(Available records)

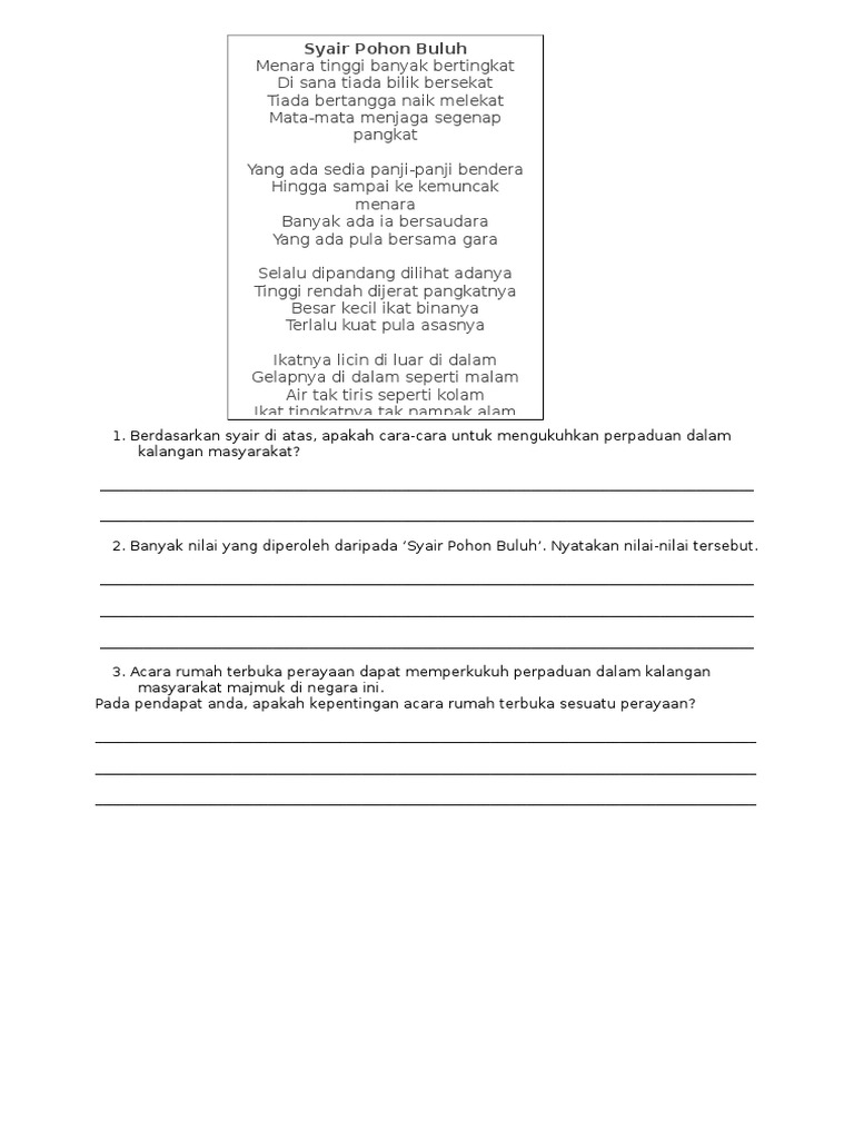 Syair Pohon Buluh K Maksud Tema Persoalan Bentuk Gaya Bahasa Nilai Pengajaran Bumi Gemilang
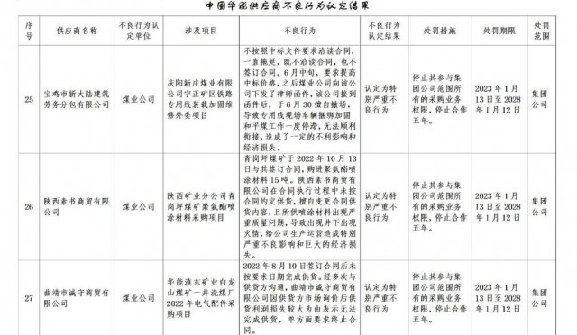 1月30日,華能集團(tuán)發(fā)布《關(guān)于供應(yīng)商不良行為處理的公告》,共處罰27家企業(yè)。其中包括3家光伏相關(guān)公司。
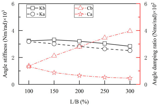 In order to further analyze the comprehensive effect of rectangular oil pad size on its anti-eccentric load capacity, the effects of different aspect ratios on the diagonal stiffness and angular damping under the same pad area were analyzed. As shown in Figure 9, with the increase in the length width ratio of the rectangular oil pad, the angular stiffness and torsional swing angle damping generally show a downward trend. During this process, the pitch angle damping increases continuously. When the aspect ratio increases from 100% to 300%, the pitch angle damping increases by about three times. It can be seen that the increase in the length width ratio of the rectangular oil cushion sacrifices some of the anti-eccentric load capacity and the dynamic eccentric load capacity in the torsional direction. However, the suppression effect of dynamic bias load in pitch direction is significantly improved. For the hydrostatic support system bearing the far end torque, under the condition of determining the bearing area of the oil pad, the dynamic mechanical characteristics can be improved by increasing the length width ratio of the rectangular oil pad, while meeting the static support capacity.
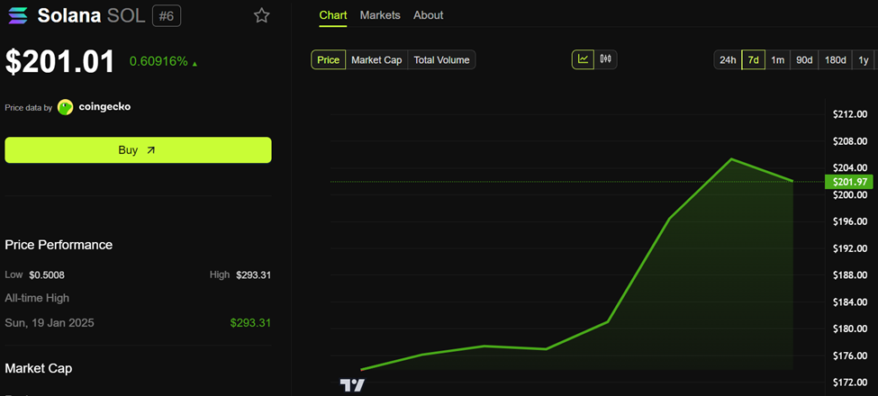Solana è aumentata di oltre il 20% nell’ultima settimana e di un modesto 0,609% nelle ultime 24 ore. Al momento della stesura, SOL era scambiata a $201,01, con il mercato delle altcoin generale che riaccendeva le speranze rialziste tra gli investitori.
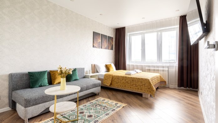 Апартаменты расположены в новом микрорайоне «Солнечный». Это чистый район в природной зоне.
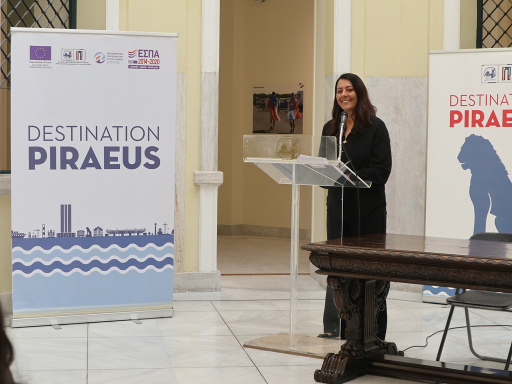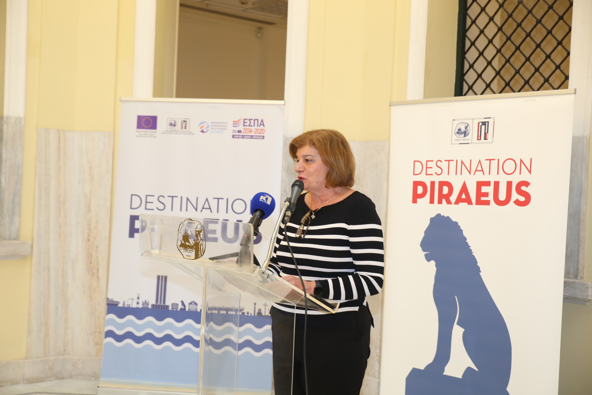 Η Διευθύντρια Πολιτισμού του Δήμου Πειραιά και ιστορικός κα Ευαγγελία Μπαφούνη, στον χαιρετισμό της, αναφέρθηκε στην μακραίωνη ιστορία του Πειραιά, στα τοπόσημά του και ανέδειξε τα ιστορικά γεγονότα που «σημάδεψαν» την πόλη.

(End Available records)

Only exact lines belong in the answer: those from the beginning of the entries above through the line holding "1月30日,華能集團(tuá", with no pictures.

 Syair Pohon Buluh K Maksud Tema Persoalan Bentuk Gaya Bahasa Nilai Pengajaran Bumi Gemilang
 1月30日,華能集團(tuán)發(fā)布《關(guān)于供應(yīng)商不良行為處理的公告》,共處罰27家企業(yè)。其中包括3家光伏相關(guān)公司。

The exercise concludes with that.